Now you may be wondering what any of this has to do with an article entitled, ‘Why you should invest in Portuguese citizenship’. I, however, see a trend and therein, an opportunity - similar to that of my sports club membership, without which, I would be, albeit obliviously, robbed of the joys that I currently savour. The trend I see is that migrating to a country of your choice is getting harder. The most current example is the ramifications of ‘Brexit’ on the immigration landscape. The opportunity is the availability of different citizenship, or residency via investment programs across the world. An apt example of this is Portugal, which has the most investor-friendly investment structures and residency requirements. Well, for now, at least (more on that later).

Popularly known as Portugal’s ‘Golden Visa Program’ , the basic idea is to become a resident, or eventually a citizen of Portugal, by investing in the country via various mediums, which are approved by the immigration authorities. Spouses, dependent parents and children can also avail of all these benefits, under a single investment. A comprehensive list of these investments categories can be found here.

However, allow me to quickly touch upon the two most frequented investment vehicles and explain why they are popular, what the downsides are, and things you should look out for, while evaluating your options.

  1. Investing in Real Estate: Perhaps the most popular option, especially for Indians, like me.
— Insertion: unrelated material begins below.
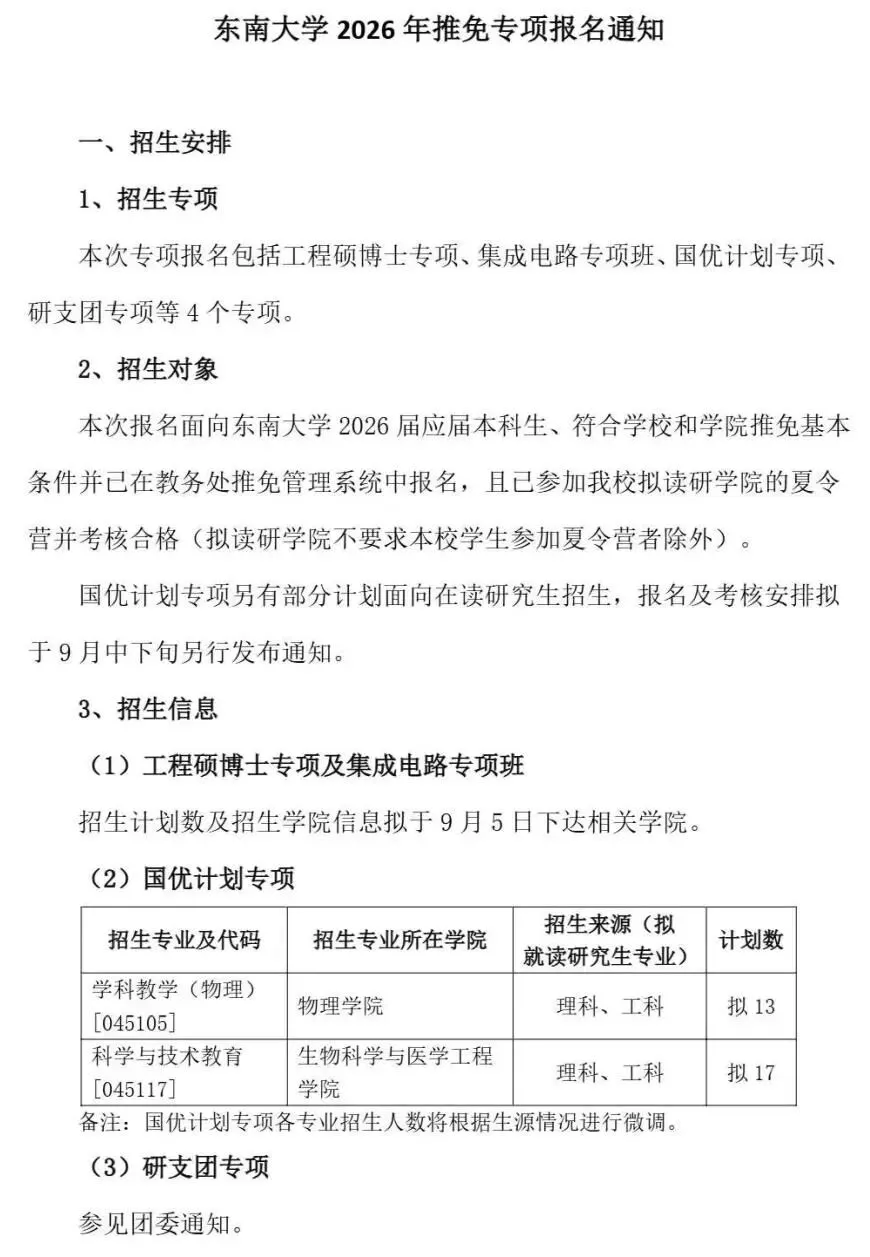 东南大学发布 2026 年推免专项报名通知,招生含工程硕博士、集成电路、国优计划、研支团4个专项,对象为符合校院推免条件且完成系统报名、通过拟读研学院夏令营考核(部分学院除外)的 2026 届应届本科生。

I attribute this to our desire of wanting a physical asset, something tangible that we can actually see and own. Nothing wrong with that mindset, except in terms of the Portugal Golden Visa, there are a couple of drawbacks. For starters, you need to pay several fees & taxes, that come with owning a property. Not to mention the responsibility of maintaining a house, which of course you could outsource to a rental management company (more fees!). Then comes the choice of categories of minimum real estate investments: (a)€280k (this has to be in a ‘low density area’ in Portugal); (b) €350k (this has to be in buildings constructed more than 30 years ago); (c) €500k (this can be any property with a value €500k & above). With all this information, one might think that option (a) makes the most sense, or even option (b). But quite frankly, they come with an uncertain resale value, primarily because the property you are buying will most likely be inflated, due to the Golden Visa eligibility that comes along with it. However, I find that with option (c), an investor could get excellent apartments, and even villas, which are ‘golden visa eligible’ and well worth the price. With this higher cost, comes the assurance that your property is a constant, if not appreciating asset, and that you get what you pay for. That is, at least if you are dealing with the right property developers. Which is the other point to consider- trusting the right people to buy property from is difficult, especially if you are miles away. There are only a few I would trust, a notable mention goes to my fellow Indian developers Sugee, who sell their Lisbon homes through their Portuguese subsidiary, Stokes & Ground. Check them out.
  2. Investing in a Venture Capital Fund: This route is relatively newer and is, therefore, still gaining traction. While the first thing that may come to mind is the volatility associated with ‘Venture Capital’, don’t write this path off yet. The reason why investing in a fund also makes sense is because the minimum amount is €350k and you do not have to deal with the taxes & hassles that come with owning a property. The trick here is to closely study all the funds in the market and ask them these important questions: a) How is your investment strategy going to safeguard at least my principal amount?; b) Why is your team qualified to manage my money?; c) Have the fund managers themselves invested in the fund?. While you can’t predict the future, a close analysis of these 3 aspects, will likely boost your chance of a secure investment. Lastly, be wary of fly-by-night fund managers. There are some good funds, but I’d always vet them with a healthy dose of skepticism.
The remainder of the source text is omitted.